-- EXERCISE PROMPT --
Transcribe exactly the lines from the one containing "لجنة تنسيق خدمات" through the end of the data, both included. Leave out pictures.

(Stored dataset items)
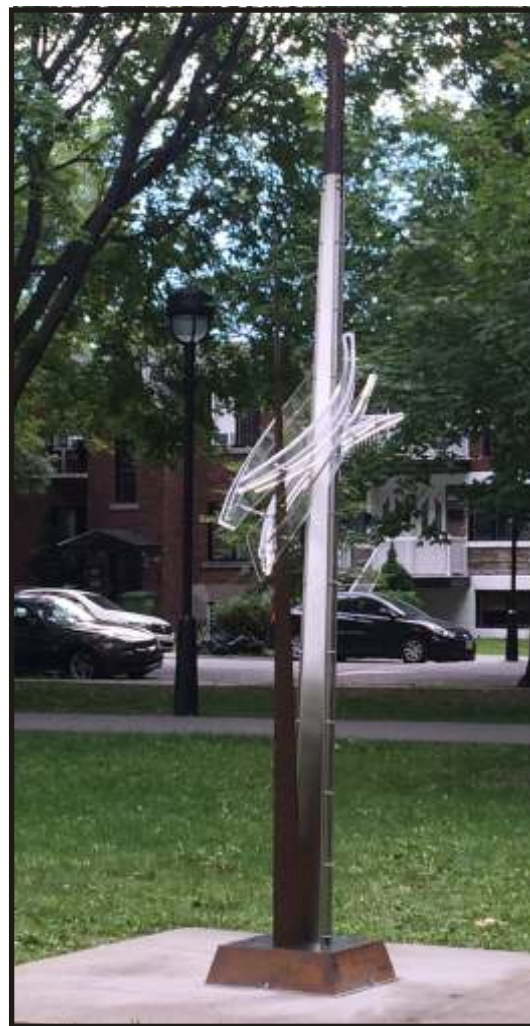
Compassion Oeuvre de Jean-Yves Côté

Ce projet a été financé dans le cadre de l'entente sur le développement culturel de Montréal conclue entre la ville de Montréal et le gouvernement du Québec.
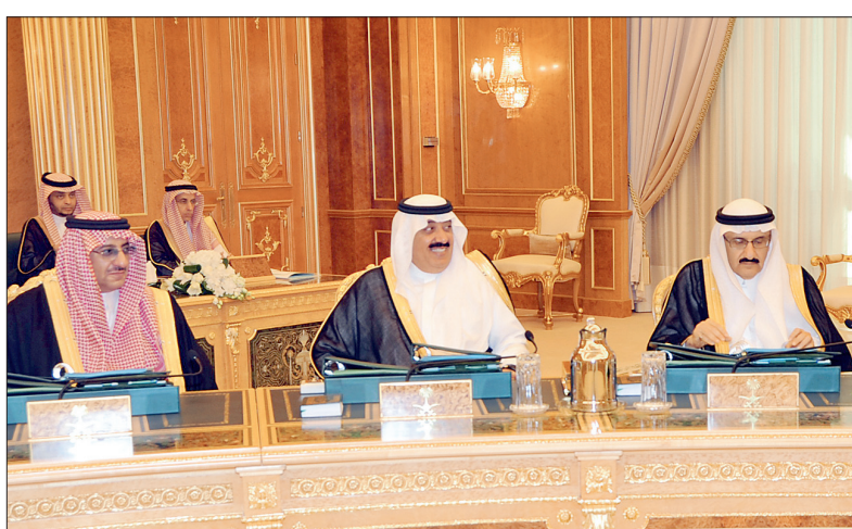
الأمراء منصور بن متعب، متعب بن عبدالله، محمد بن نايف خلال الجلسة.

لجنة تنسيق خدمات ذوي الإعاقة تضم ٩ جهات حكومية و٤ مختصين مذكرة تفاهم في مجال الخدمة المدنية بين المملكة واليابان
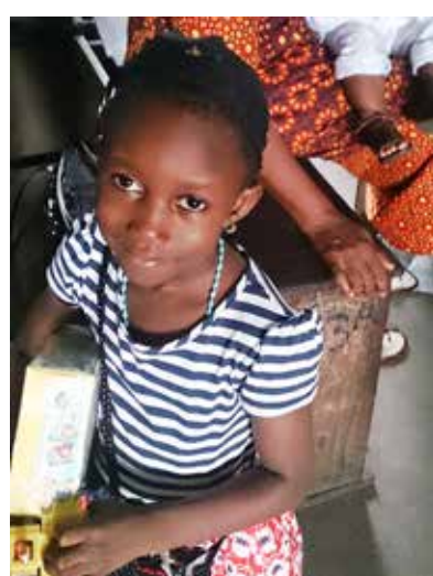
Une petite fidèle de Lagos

-- ANSWER SPACE --
لجنة تنسيق خدمات ذوي الإعاقة تضم ٩ جهات حكومية و٤ مختصين مذكرة تفاهم في مجال الخدمة المدنية بين المملكة واليابان
Une petite fidèle de Lagos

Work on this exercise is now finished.